Which versus That
In this English lesson we’re going to discuss the difference between the words which and that. Both words can be used as relative pronouns to introduce adjective or relative clauses. Whether you should use which or that in this particular role can be a confusing concept for native and non-native English speakers alike. The general rule is that you should which in situations where the clause that it introduces is not essential to the meaning of the sentence. If the clause is essential to the meaning of the sentence, you should use that.
When to use “Which” and When to Use “That”
Which is usually used to introduce a nonrestrictive (unnecessary) clause. This type of clause is not essential to the meaning of a sentence. It merely provides additional information. Nonrestrictive clauses should be set off by commas. Thus, a which clause is one that provides nonessential information and is framed by commas:
The English Island, which offers both one-on-one and small group English classes, is located in Atlanta.
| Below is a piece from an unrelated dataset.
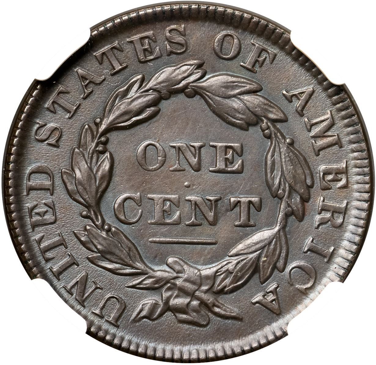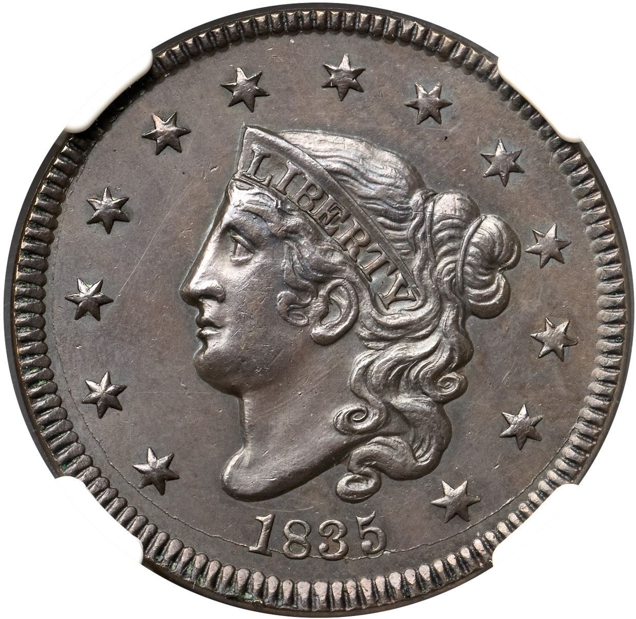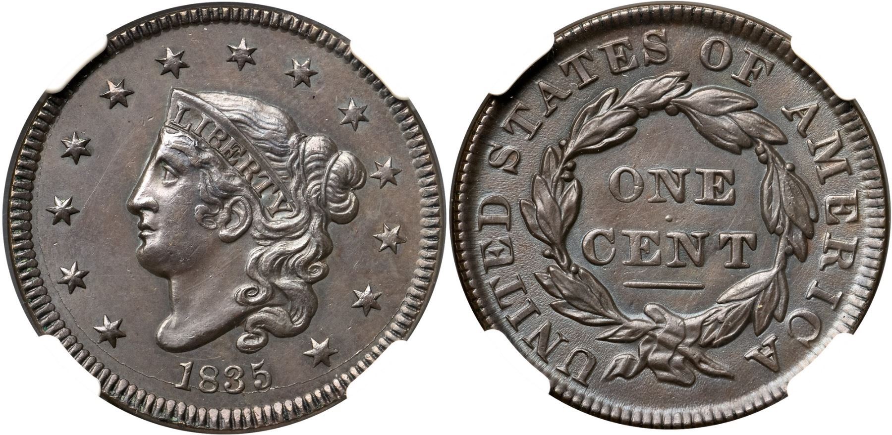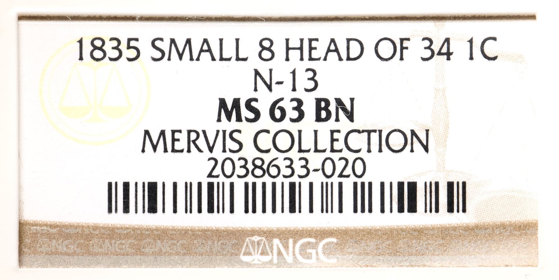 1835 N-13 R4 Head of 1834, Small 8 & Stars, NGC graded MS63 BrownGlossy chocolate brown with delicate overtones of bluish steel. The obverse fields are hard and reflective while the reverse fields are satiny from fine die flowlines. The sharpness is very close to mint state, but there are faint hairlines covering both sides (which only show in the obverse fields thanks to their smooth, prooflike finish). Otherwise this cent is virtually flawless. A good identifying mark is a tiny, barely visible lamination from a dentil up to the base of the 3 in the date. EDS, die state a. The small chip on the right bottom of the 5 in the date has not formed and the repunching under that numeral is sharp. Solidly in the condition census for this scarce variety, and the prooflike obverse die state is a definite plus. Called AU55 net EF45 and tied for CC#6 in the Noyes census, his photo #25744. Bland says EF45 and tied for CC#3 among the confirmed examples in his census. Our grade is EF45+, very close to AU50.Certificate Number: 2038633-020Pedigree: Ex Abe Kosoff-Robert Gildred, Kagin's GENA Sale 10/1983:1129-Wesley A. Rasmussen, Heritage Auctions 1/13/2005:3651-Daniel W. Holmes, Jr., McCawley & Grellman Auctions/Goldbergs 5/30/2010:434-Greg Hannigan-Adam Mervis, Heritage Auctions 1/10/2014:2189-Terry S. Denman Collection

If you were to replace which with that in this example, it would probably “sound” wrong to a native English speaker. He or she would likely recognize that something is off about the construction of the sentence, even if he or she couldn’t articulate exactly why:
The English Island that offers both one-on-one and small group English classes is located in Atlanta.
So what, exactly, has happened here that would bother a native English speaker? Well, replacing which with that in this example changes the meaning of the sentence. Taken literally, the use of that and a restrictive clause indicates that there are multiple English Islands and that the one offering individual and group classes is based in Atlanta. While it’s true that our English classes are one of our core services, they are not essential to the meaning of this particular sentence. Forcing them into a restrictive (essential) clause via that only serves to make the meaning of the sentence less clear.
This is a very obvious example of how switching between which and that can completely change the meaning of a sentence. In other situations, the difference in meaning is less immediately apparent. This is usually the case when the subject is a generic noun, one that doesn’t identify a particular person, place, or thing. Consider the following examples where both which and that will sound equally “right” to a typical native English speaker:
Her house, which has green siding, needs a new roof.
She only owns one house, and that house needs a new roof.
Her house that has green siding needs a new roof.
She owns more than one house. The one with green siding needs a new roof.
The tree roots, which were just removed, had begun to damage our patio.
All the tree roots in our back yard had grown under our patio and caused the concrete to crack.
The tree roots that were just removed had begun to damage our patio.
We removed just the tree roots responsible for the crack.